In [1]:
import matplotlib
import pathlib
import numpy as np

import mne
print(mne.__version__)

0.24.1


In [2]:
matplotlib.use('Qt5Agg')    #To open graphs using Qt

## Reading raw data

The files variable stores the subject and thier run number in a list. For each subject we have 2 runs. So 10_1 means 1st run of subject AB10, while 12_2 means 2nd run for subject AB12.

We are currently loading a small(12/80) amount of files to avoid the excessive time taken while testing efficiency of different algorithms

In [3]:
#The files we will be loading
#files = ['10_1', '10_2', '12_1', '12_2', '13_1', '13_2', '14_1', '14_2', '15_1', '15_2', '16_1', '16_2', '21_1', '21_2', '22_1', '22_2', '23_1', '23_2', '28_1', '28_2', '31_1', '31_2', '32_1', '32_2', '33_1', '33_2', '34_1', '34_2', '35_1', '35_2', '46_1', '46_2', '47_1', '47_2', '48_1', '48_2', '49_1', '49_2', '50_1', '50_2', '69_1', '69_2', '70_1', '70_2', '71_1', '71_2', '72_1', '72_2']
files = ['10_1', '10_2', '12_1', '12_2', '13_1', '13_2', '28_1', '28_2', '31_1', '31_2', '32_1', '32_2']

print(len(files))

12


The path variable is a dictionary which stores the relative path of various files as key-value pairs.

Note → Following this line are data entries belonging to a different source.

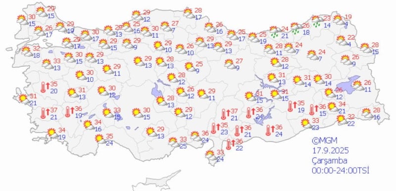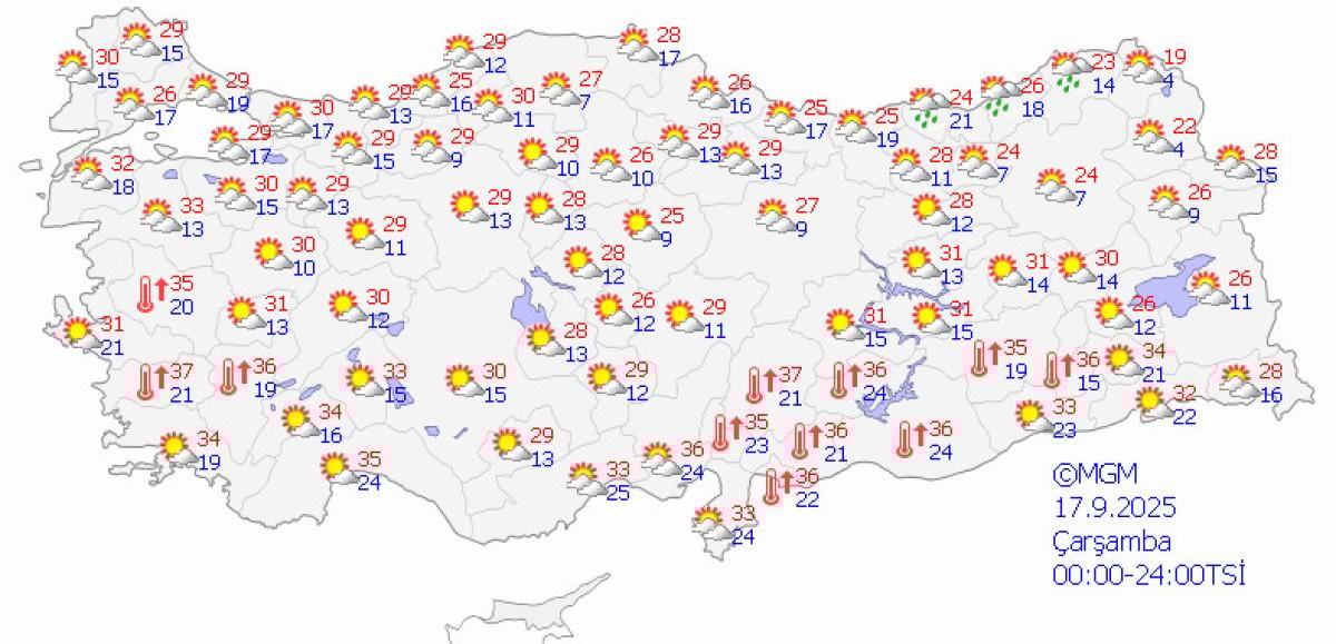 Meteoroloji Genel Müdürlüğü'nden alınan tahminlere göre, hava sıcaklıklarının Karadeniz'in iç kesimlerinde 2 ila 4 derece azalacağı, diğer yerlerde önemli bir değişiklik beklenmiyor.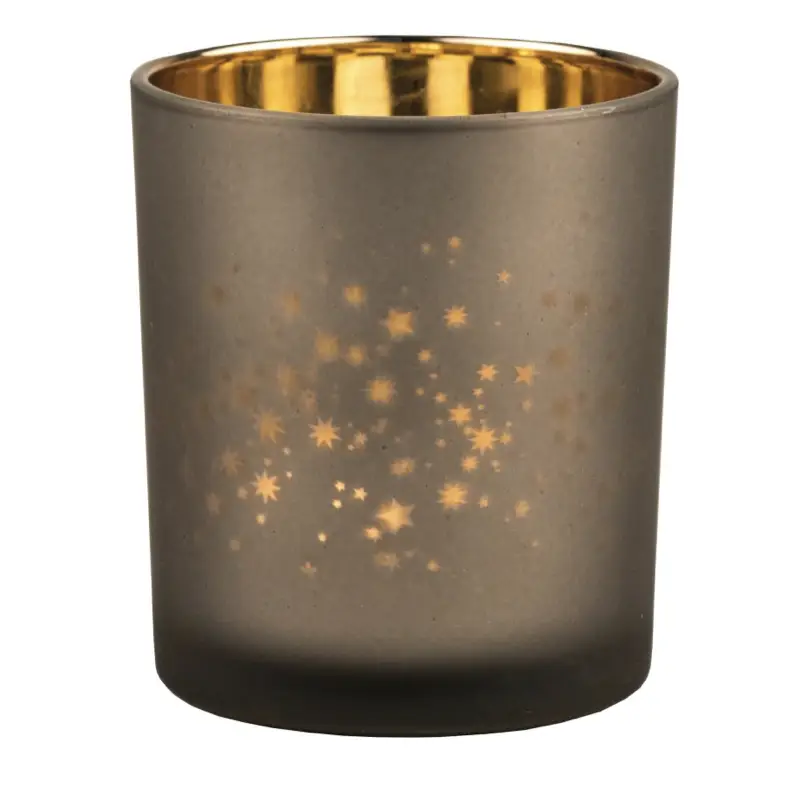 Teelichtglas Weihnachten STERNE Räder braun gold H 10 cm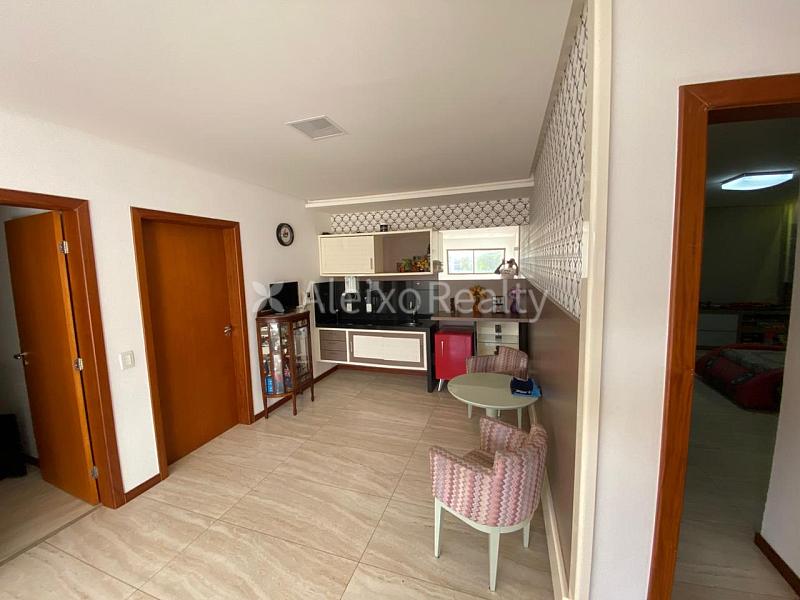 O imóvel dispõe de 5 quartos, sendo 3 suítes, além de 2 salas amplas que permitem a criação de diferentes ambientes de convivência. A residência conta ainda com 7 banheiros no total, proporcionando comodidade para moradores e visitantes.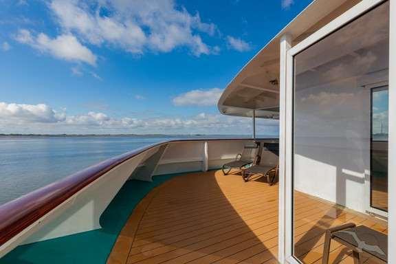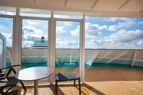 Großzügiger Balkon mit Sitzgelegenheit, Liegestühlen und Windschutz. Das große Fenster mit Schiebetür wird aus Sicherheitsgründen bei schwerem Sturm von außen mit Sturm-Läden verschlossen, da die Kabinen vorne gelegen sind. Bei Dunkelheit müssen die Vorhänge von Tür und Fenster geschlossen werden.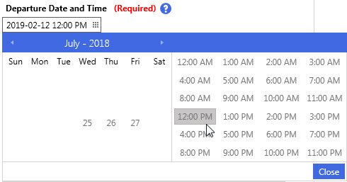 1. What the user sees when he clicks on the DepartureDateTime RadDateTimePicker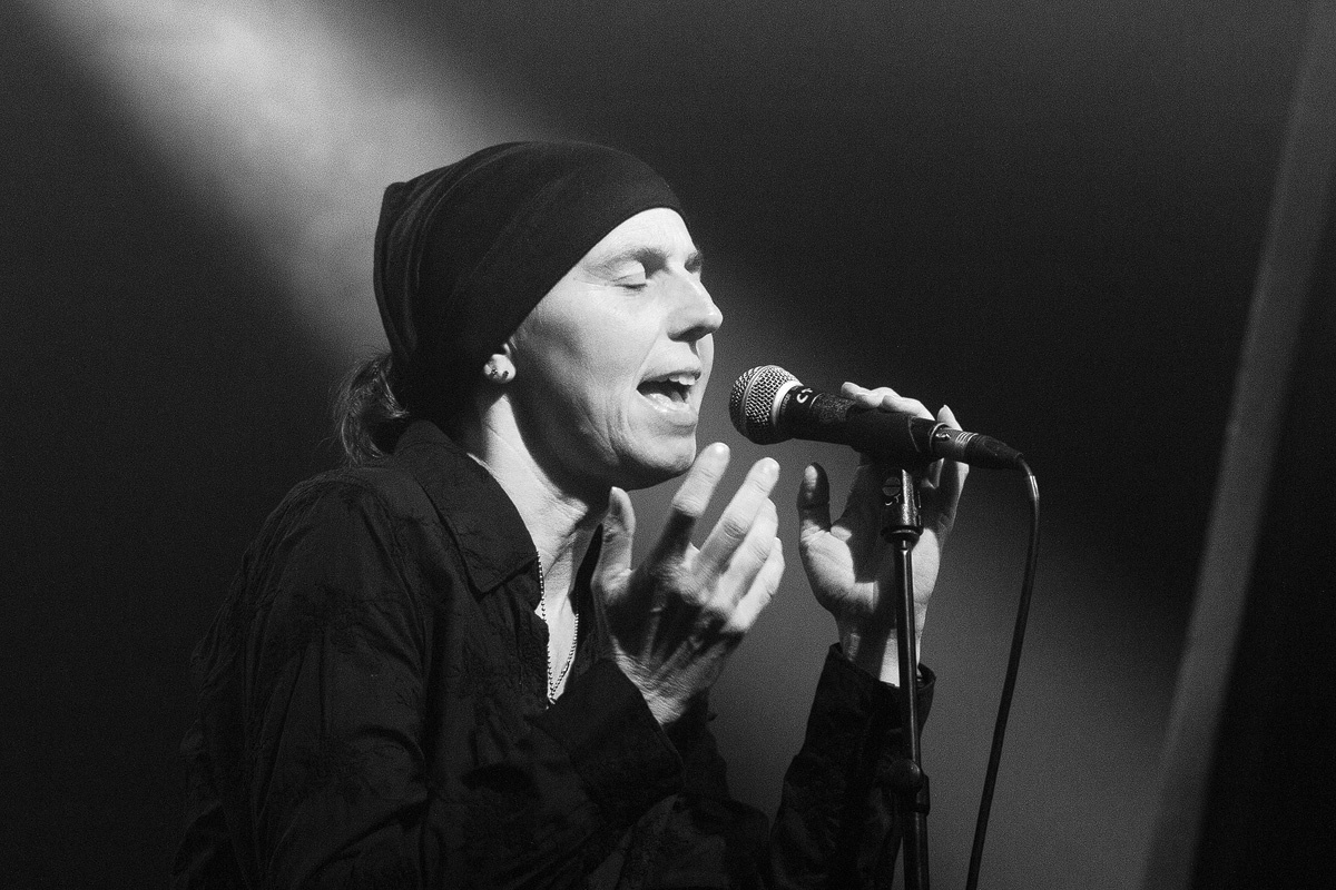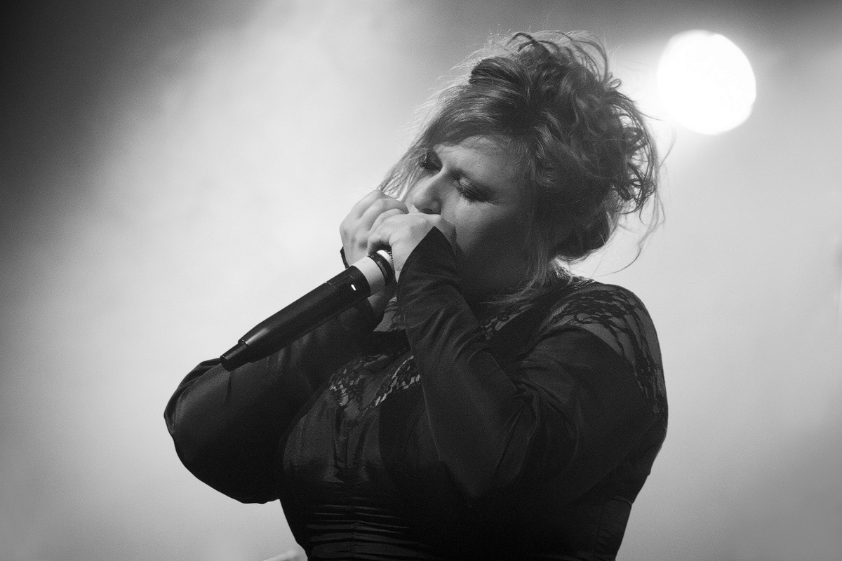 Zwar hätte der Saal noch dem einen oder anderen Besucher Platz geboten, der Stimmung tat dies jedoch weder auf noch vor der Bühne einen Abbruch. Schließlich hatte die Berlinerin Sara Noxx, die den Abend eröffnete, ein Heimspiel. So freute sie sich über einige bekannte Gesichter im Publikum, die ihre Begeisterung deutlich zum Ausdruck brachten. Aber auch die anderen Anwesenden zog die sympathische Sängerin mit ihrer klaren Stimme im Sprechgesang an. Verhaltene Leidenschaft, disziplinierte Körpersprache und doch faszinierend. Elektronisch-kühle Klänge, die an Anne Clark erinnerten. Die Hörerschaft dankte mit angemessenem Beifall.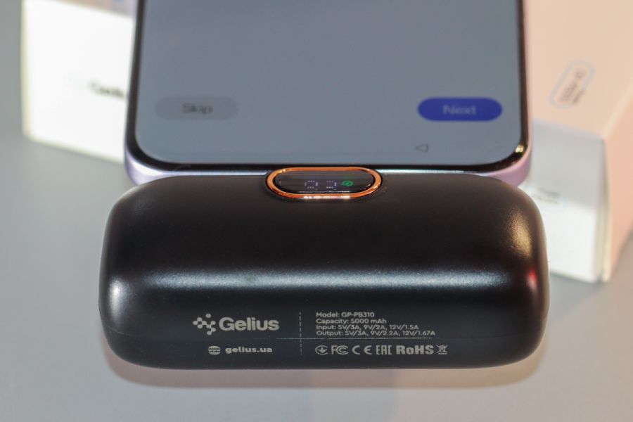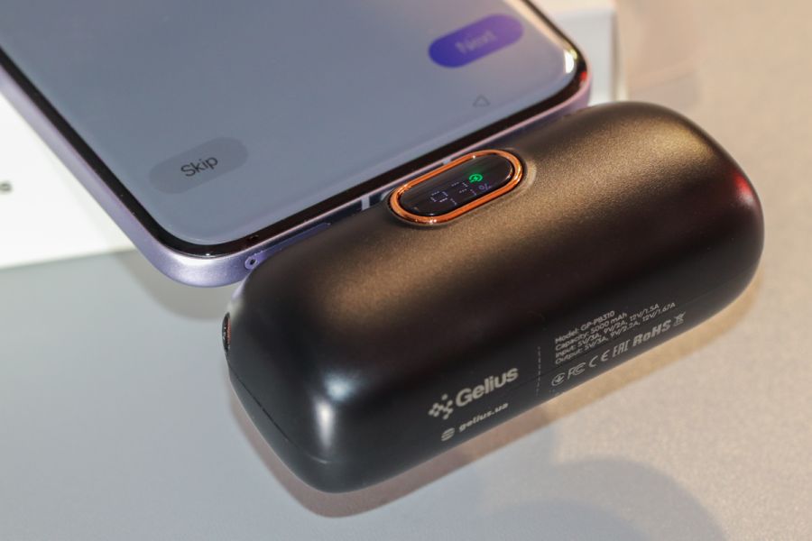 Дизайн, використані матеріали та якість збірки Почнемо з того, що зовнішність Gelius MiniBoost GP-PB310 на корні «ламає» наше уявлення щодо дизайну виробу. Потрібно було зробити саме так, щоб не заважав під час руху та стабільно тримався під час невеликих, скажімо так, потрясінь. Чи вдалося досягти задуманого? Особисто ми за підсумками тестування, вважаємо, що так, вдалося. Якщо у вас інші враження, тоді чекаємо аргументів в коментарях під оглядом. Це перше і головне, чим вас зацікавить Gelius MiniBoost GP-PB310. Щодо використаних матеріалів корпусу, тут маємо матовий пластик чорного кольору. Корпус складається з двох рівновеликих половинок – характерний шов легко помітити по периметру. Металева, скажімо так, «група» це вилка та окантування інтерфейсів USB — C + тонке окантування дисплея. Сам дисплей, до речі, прикрито пластиком. До збірки питань жодних – вдале припасування елементів між собою, чудова фіксація, словом, будете задоволені. Стосовно ж зносостійкості використаного матеріалу, тут питання відкрите, оскільки тестування його потребує більше часу. І хоча наші 2 тестові неділі відверто слабких «ланок» в цьому плані не виявили, все ж ми не виключаємо, що сумочка з ощадливої тканини для Gelius MiniBoost GP-PB310 зайвою не буде. Ергономіка – ключові тези В цьому плані все достатньо просто. Перше, що варте уваги – підтримка Gelius MiniBoost GP-PB310 одночасної підзарядки акумуляторів двох гаджетів. Наскільки вагомим є такий аргумент, зважаючи на позиціювання виробу, сказати важко, але тим не менш, дана особливість реалізована. Таким чином робимо відповідний висновок щодо зворотної сумісності одного з наявних тут портів. Що особисто нам сподобалось ще – наявність дисплея «на борту». Так, незважаючи на компактність та більш ніж доступну вартість, дисплей в підсумку тут це вагома зручність, адже дозволяє більш точно отримати дані про поточний рівень заряду повербанку. Нагадаємо – по периметру у нього металеве окантування, а сам екран прикрили пластиком. Єдина апаратна кнопка зверху поряд вилки Type-C «дозволить» вам дізнатися за поточний рівень заряду. На «боковушках» справа та зліва маємо відповідно петлю кріплення згаданого вище шнурка та ще один порт USB Type-C. Нарешті, нижня панель – це кілька стрічок технічних даних, зокрема параметри портів. Крім того, тут же логотип виробника, маркування, адреса офіційного сайту та ін. Враження від тестування А тепер час поговорити про головне – зручність та швидкість. Чому Gelius MiniBoost GP-PB310 – це дійсно вибір для підзарядки «на ходу». Насправді все просто, і «секрет успіху» на поверхні – вдалі в цьому плані габарити + формфактор. В підсумку GP-PB310 легко та зручно підключається до смартфона, планшета, електронної книги та інших мобільних пристроїв, що підтримують підзарядку від мобільного акумулятора або ж повербанка – як кому зручніше називати. Кабель, як посередник тут не використовується – і це ще один додатковий плюс. Третій – надійність – мимовільного відключення не відбувається ні під час розмови телефоном, ні перегляду відео з планшета. Словом, в цьому плані можна не перейматися! Щодо швидкості, то заявлені до 22,5Вт тут для не для галочки, заряд того ж OPPO A58 з 50% поточного рівня до «сотні» влетів за 50 хвилин, що, на наш погляд, ну дуже непоганий результат. Трішки більше години знадобилося Gelius MiniBoost GP-PB310 для відновлення заряду за допомогою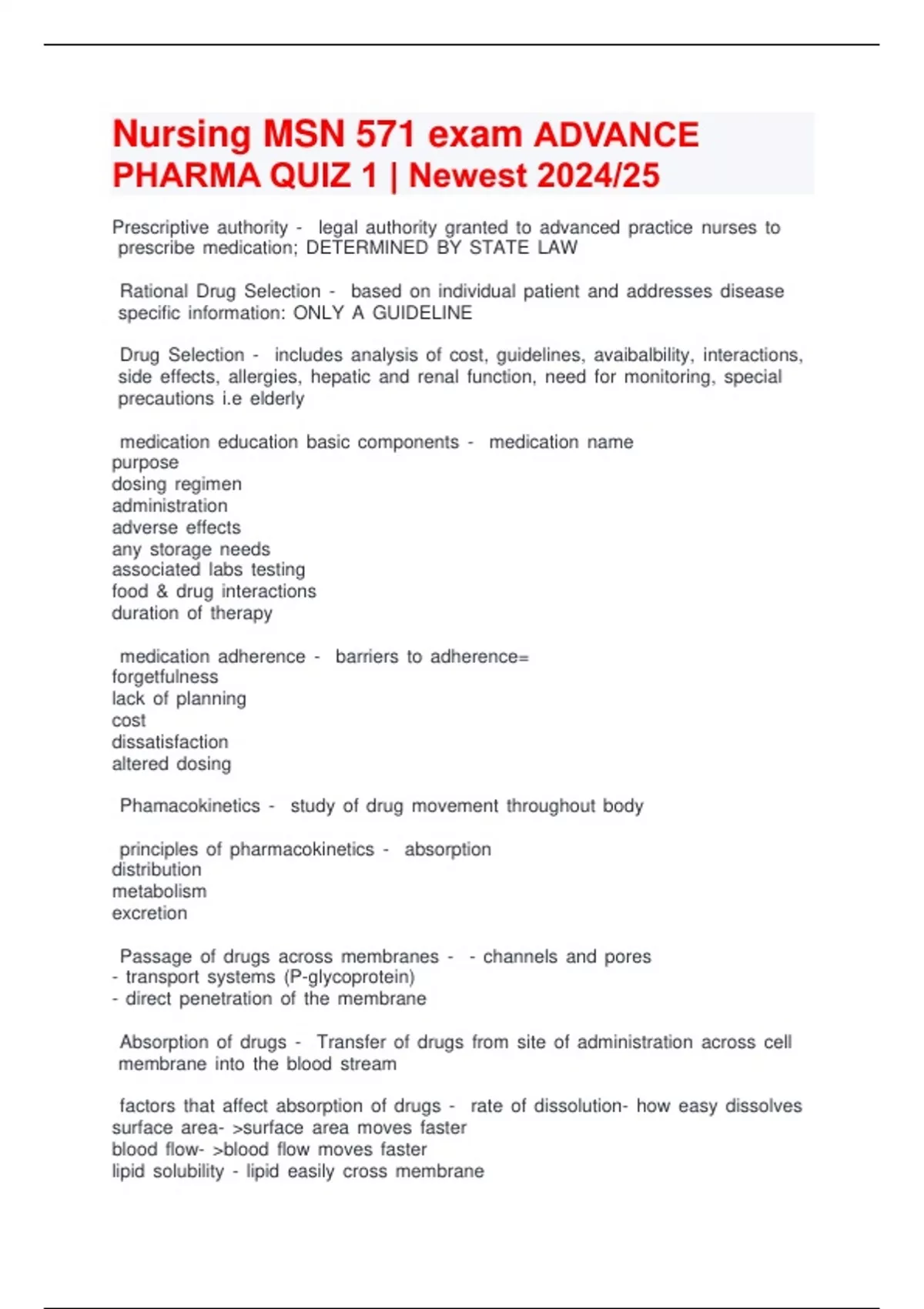Nursing MSN 571 exam ADVANCE PHARMA QUIZ 1 | New est 2024/25 Prescriptive zzauthority zz- zz zzlegal zzauthority zzgranted zzto zzadvanced zzpractice zznurses zzto zzprescribe zzmedication; zzDETERMINED zzBY zzSTATE zzLAW zzRational zzDrug zzSelection zz- zz zzbased zzon zzindividual zzpatient zzand zzaddresses zzdisease zzspecific zzinformation: zzONLY zzA zzGUIDELINE zzDrug zzSelection zz- zz zzincludes zzanalysis zzof zzcost, zzguidelines, zzavaibalbility, zzinteractions, zzside zzeffects, zzallergies, zzhepatic zzand zzrenal zzfunction, zzneed zzfor zzmonitoring, zzspecial zzprecautions zzi.e zzelderly zzmedication zzeducation zzbasic zzcomponents zz- zz zzmedication zzname purpose dosing zzregimen administration adverse zzeffects any zzstorage zzneeds associated zzlabs zztesting food zz& zzdrug zzinteractions duration zzof zztherapy zzmedication zzadherence zz- zz zzbarriers zzto zzadherence= forgetfulness lack zzof zzplanning cost dissatisfaction altered zzdosing zzPhamacokinetics zz- zz zzstudy zzof zzdrug zzmovement zzthroughout zzbody zzprinciples zzof zzpharmacokinetics zz- zz zzabsorption distribution metabolism excretion zzPassage zzof zzdrugs zzacross zzmembranes zz- zz zz- zzchannels zzand zzpores - zztransport zzsystems zz(P-glycoprotein) - zzdirect zzpenetration zzof zzthe zzmembrane zzAbsorption zzof zzdrugs zz- zz zzTransfer zzof zzdrugs zzfrom zzsite zzof zzadministration zzacross zzcell zzmembrane zzinto zzthe zzblood zzstream zzfactors zzthat zzaffect zzabsorption zzof zzdrugs zz- zz zzrate zzof zzdissolution - zzhow zzeasy zzdissolves surface zzarea- zz>surface zzarea zzmoves zzfaster blood zzflow- zz>blood zzflow zzmoves zzfaster lipid zzsolubility zz- zzlipid zzeasily zzcross zzmembrane ph zzpartitioning zz- zzDistribution zzof zzdrugs zz- zz zzmovement zzof zzdrugs zzfrom zzsystemic zzcirculation zzto zzsite zzof zzdrug zzaction zzfactors zzthat zzdetermine zzdrug zzflow zz- zz zzblood zzflow zzto zztissues ability zzto zzexit zzvascular zzsystem ability zzto zzenter zzcell zzDrug zzability zzto zzexit zzvascular zzsystem zz- zz zzcapillary zzbed- zztypical zz blood zzbrain zzbarreier placenta zzdrug zztransfer protein zzbinding zz- zzalbumin zzdrug zzability zzto zzenter zzcell zz- zz zzbinds zzwith zzreceptors zzon zzexternal zzsurface zzof zzcell zzmembrane zzdrug zzmetabolism zz- zz zzthe zzenzymatic zzbiotransformation zzof zza zzdrug zzstructure most zzoccur zzin zzliver zzby zzP450 zzsystem zzfirst zzpass zzeffect zz- zz zzrapid zzhepatic zzinactivation zzof zzdrug zzon zzits zzfirst zzpass zzthrough zzliver zzdrug zzexcretion zz- zz zzelimination zzof zza zzdrug zzfrom zzthe zzbody zzDrug zzExcretion zzRoutes zz- zz zzrenal breast zzmilk bile lungs sweat saliva zztherapeutic zzdrug zzrange zz- zz zzrange zzof zzdrug zzbetween zzminimum zzeffective zzdose zzand zztoxic zzdose. zzlarger zzindex zz- zzsafer zzdose zzsmaller zzindex - zzharmful zzdose zzdrug zzhalf zzlife zz- zz zzthe zztime zzrequired zzfor zzthe zzamount zzof zzdrug zzin zzthe zzbody zzto zzdecrease zzby zz50% zzPhamacodynamics zz- zz zzbiochemical zzand zzphysiological zzeffects zzof zzdrugs zzon zzbody zzdose -response zzrelationship zz- zz zzthe zzrelationship zzbetween zzthe zzsize zzof zzan zzadministered zzdose zzand zzthe zzintensity zzit zzproduces zzDrug zzselectivity zz- zz zzdrug zzis zzeffective zzin zzintended zzuse zzw/out zzharmful zzeffects zzbut zzcauses zzundesired zzeffects zz(<BP zzbut zz> zznausea) zzease zzof zzadministration zz- zz zzincreases zzconvenience zzand zzadherence zzand zzdecreases zzadministration zzefforts zzDrug zzaffinity zz- zz zzstrength zzof zzattraction zzbetween zza zzdrug zzand zzits zzreceptor

The keys are elements of files variable from above and the corresponding values are the relative path of those files on device.

In [4]:
#Paths Sahil
path = {}
for f in files:
    path[f] = '../../EEG original dataset/sub-AB{}/eeg/sub-AB{}_task-gonogo_run-{}_eeg.set'.format(f[0:-2], f[0:-2], f[-1])
    
path_channels_tsv = '../../data\sub-AB10_eeg_sub-AB10_task-gonogo_run-1_channels.tsv'

In [5]:
# #Paths Arush
# path = {}
# for f in files:
#     path[f] = 'data/other subjects set files/sub-AB{}_eeg_sub-AB{}_task-gonogo_run-{}_eeg.set'.format(f[0:-2], f[0:-2], f[-1])
    
# path_channels_tsv = 'data/other subjects set files/sub-AB10_eeg_sub-AB10_task-gonogo_run-1_channels.tsv'

The unclean_raw variable is a dictionary that stores the raw data that we have imported.

In [None]:
#Loading raw data
unclean_raw = {}
for f in files:
    unclean_raw[f] = mne.io.read_raw_eeglab(path[f], eog=(), preload=True, uint16_codec=None, verbose=None)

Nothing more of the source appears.